Thursday, January 10, 2008
The Bank and the ECB
Posted by David Smith at 04:00 PM
Category: Thoughts and responses

The Bank of England's monetary policy committee left Bank rate at 5.5% and, as is customary, issued no statement. The European Central Bank left its key rate at 4% and in the press conference afterwards Jean-Claude Trichet, its president, warned that the ECB was prepared to act pre-emptively to head off inflationary pressures.
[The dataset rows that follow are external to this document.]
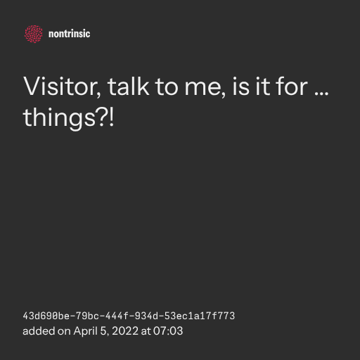 поделитьсяVisitor, talk to me, is it for … things?!
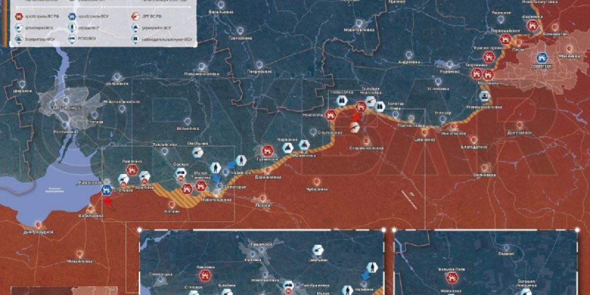 - Наступление широким фронтом осложнено проведением ВСУ дистанционного минирования кассетными боеприпасами М 73. Военнослужащие ВС РФ проводят локальные вылазки на украинские рубежи, наводя артиллерию на огневые позиции.
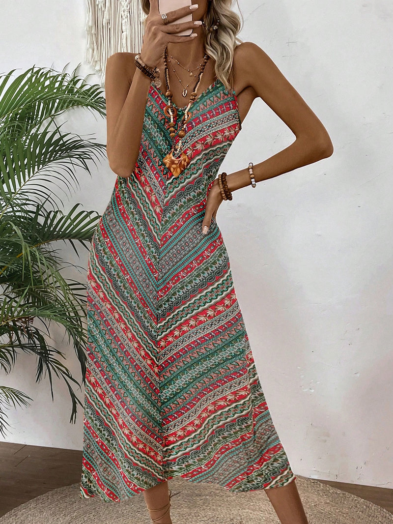 10. Floral Printed V-Neck Spaghetti Strap Maxi Dress

It's unlikely it will but the upshot was that the ECB gave us a more hawkish "hold" than the Bank, which is still widely expected to cut in February.

Comments

Sometimes in the currency markets, the movements in exchange rates are driven by the fear/forecasts that the interest rate differential may continue to widen indefinitely.

Such moves could have artificially propelled the pound higher versus the usd given the current expectations that the Fed will continue to lower rates. So probably the Bank's dovish tone in making the market always expect a rate cut that may be delivered after a long waiting time is the right one.

Posted by: Brijen Hathi at January 13, 2008 10:56 PM

How much longer can this divergence in central bank policy continue in a global economy? With the Fed possibly cutting rates inter meeting, Trichet and the ECB talking of heading off inflation with pre-emptive rate hikes and Merv and his merry men apparently caught in the middle somewhere...

They can't all be right, can they?

Inflation figures should be interesting this morning, but the Bank had them at their meeting so we should expect them to show continued price pressures, but if they are a shock low reading there will be the big question of why didn't Merv go last meeting?